Легко вбежав по лестнице, дохожу до знакомой двери, без стука входя внутрь, наверное впервые использовав запасной ключ по назначению.
Внутри был переполох. Разбросанные вещи, открытые чемоданы, куда спешно упаковывалось всё и вся.
С кухни разносился аромат классического ирландского завтрака, а где-то в глубине квартиры матерился батя, пытаясь найти свои вещи, которые мать рассортировала в давние хорошие времена.
-Мэри! Я не могу найти свой костюм!
-Да на кой он тебе сдался? Ты собрался давать концерт в центре помощи беженцам или вести там светские беседы?
-Не... Ну, а вдруг пригодится, а я, так сказать, не по погоде.
-Лучше иди сюда и садись есть!
-Ладно... И нечего так орать, женщина.
-Что ты сказал?
-Люблю тебя, милая... О! Шон, здорова, герой!
Увидев меня в коридоре, папаня хромающей походкой добрался до моей тушки и попытался сжать меня в своих объятьях. Его крепкая хватка была уже не та.
Отойдя на полшага назад, глава семьи Салливан оглядел меня с головы до ног, озаряя тёплой улыбкой.
-Как хорош, чертяка.
-Ты тоже, бать. Есть ещё порох?
-Ну, а ты думал. Чёрт.
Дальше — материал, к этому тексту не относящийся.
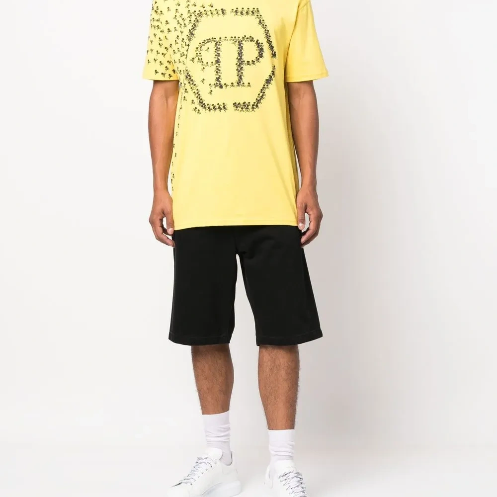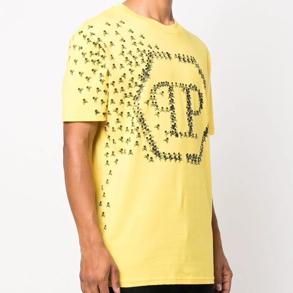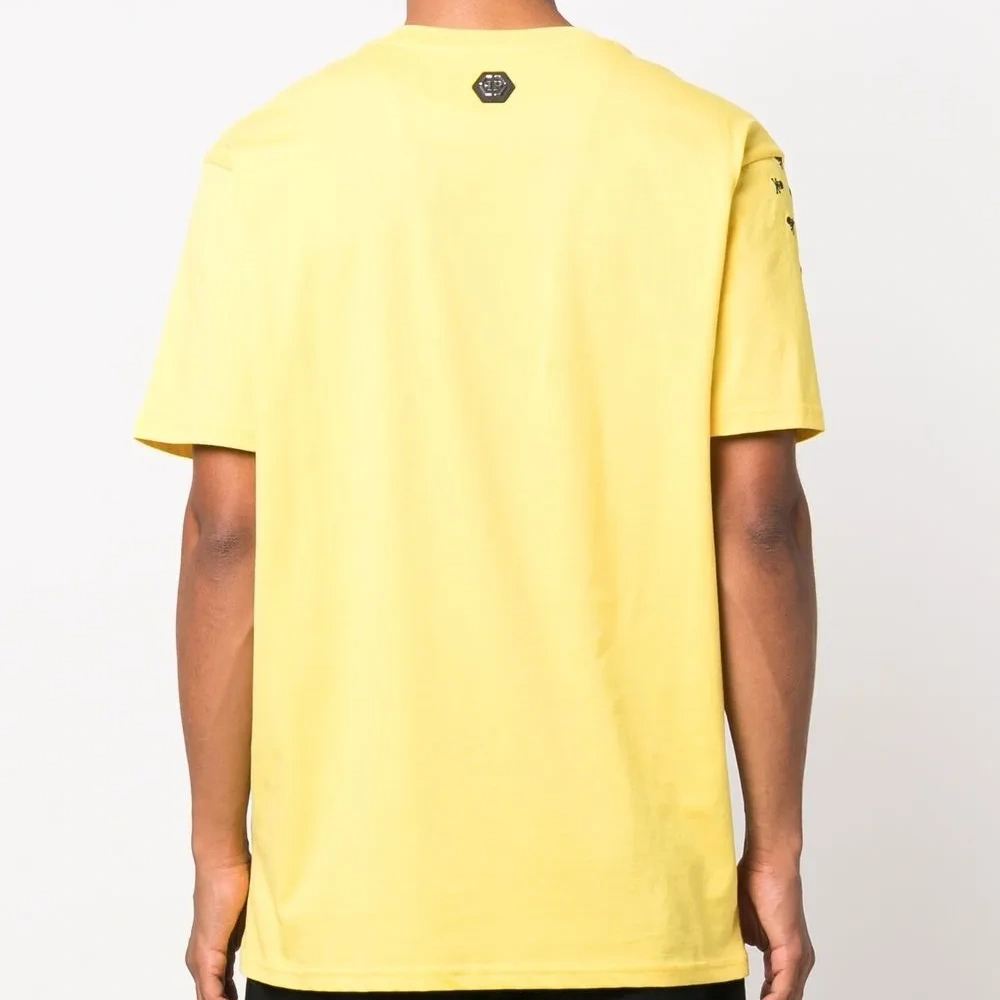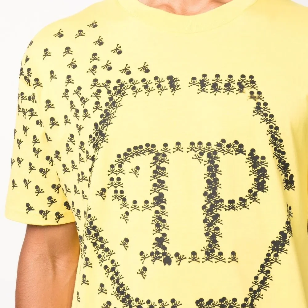 Желтый, черный, хлопок, ткань джерси, принт с изображением черепа спереди, логотип спереди, нашивка с логотипом сзади, круглый вырез, короткие рукава и прямой подол.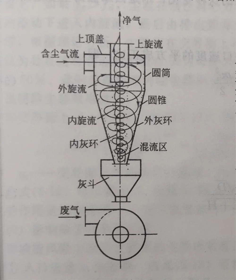 旋風除塵器由排風管、圓筒體、圓錐體、進風口、卸料閥、灰斗等部分組成

Жаль вчера не пришёл, а то мне сегодня за руль...
Батяня продолжал говорить, сокрушаясь тому, что не может со мной выпить, а я же внимательнее рассматривал его всё это время.
Он постарел. Сильно скинул вес и теперь едва ли может использовать свой старый гардероб. Правая нога чаще вставала на носок, а сам он неосознанно вздрагивал, когда опирался на неё.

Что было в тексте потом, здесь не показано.